# does anyone know of the Powerlines?



## guudlook

can you explain


----------



## aus_staffy

Are you referring to these guys? Powerline Kennels - pitbulls for sale - pitbull classified ads - sell pitbull pups - find pitbull breeders


----------



## guudlook

yes thanx alot


----------



## pitbullmamanatl

I wouldn't buy a dog from them. They have no idea what they are talking about nor do they have any business breeding.


----------



## guudlook

pitbullmamanatl said:


> I wouldn't buy a dog from them. They have no idea what they are talking about nor do they have any business breeding.


do you mind explaining why you said that please


----------



## EckoMac

If you are looking for a reputable bully breeder your best source would be pitbullmamanatl.
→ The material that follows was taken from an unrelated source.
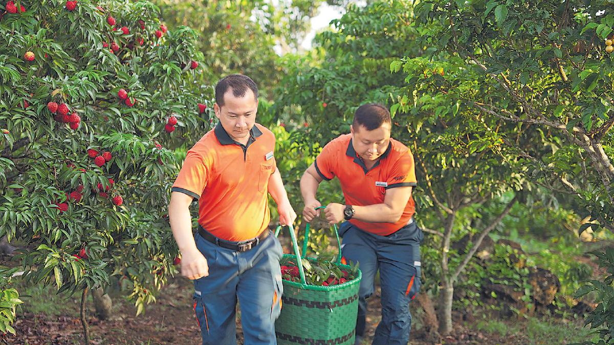 郵政員工在荔枝園里幫助果農(nóng)搬運(yùn)荔枝。

If you let her know what you are looking for I'm certain she can point you in the direction of a reputable breeder of quality dogs in your area.


----------



## guudlook

lol its alittle to late for that although the dog isnt from them it came from their bloodline


----------



## pitbullmamanatl

guudlook said:


> lol its alittle to late for that although the dog isnt from them it came from their bloodline


OK first of all there are no pedigrees on the site for ANY of their dogs. Where most people put at least the bloodline for the dog listed this is what these people have in place:


> ACE IS A FREAK !!!!!!! HE CARRIES 0 % BODY FAT AND IS CRAZY RIPPED UP WITH MUSCLES. ACE ALSO HAS THE SHORTEST HAIR AND THINNEST TAIL(RARE QUALITIES) I'VE EVER SEEN ON A DOG THIS SIZE !! MOST BULLIES BRED TODAY HAVE THICK HAIR,FAT TAILS AND ALOT OF BODYFAT..(NOT PIT QUALITIES) BLUE ACE SAYS : THOSE DAYS ARE OVER !!!


This is your typical BYB description. Shorttest hair and thin tail? I've never ever seen that before actually, but it sounds just plain dumb. That has nothing to do with the bloodline or the dog as a whole.

The following statement shows their lack of dog knowledge. Blue, fawn, red red nosed.... Those are just coat colors and nose colors. They mean nothing except what they mean.... colors of the dog's coat and nose.



> We firmly believe that the breed ( even the Blue Pitbull ) should display indomitable courage while having a well balanced drive and temperament. Our Blue pitbull Puppies are sold with a health guarantee. We also produce Blue Fawn,Red-Red Nosed Pits, brindle and Black Pits occasionally. Notice that we try to provide you with quality ( clear ) pictures that aren't Stretched Out to make the dog look like it's thicker than it really is. What you see is what you get: A heavy-duty Bulldog with the terrier qualities!! My family has enjoyed this having this breed as a pet since the 70's.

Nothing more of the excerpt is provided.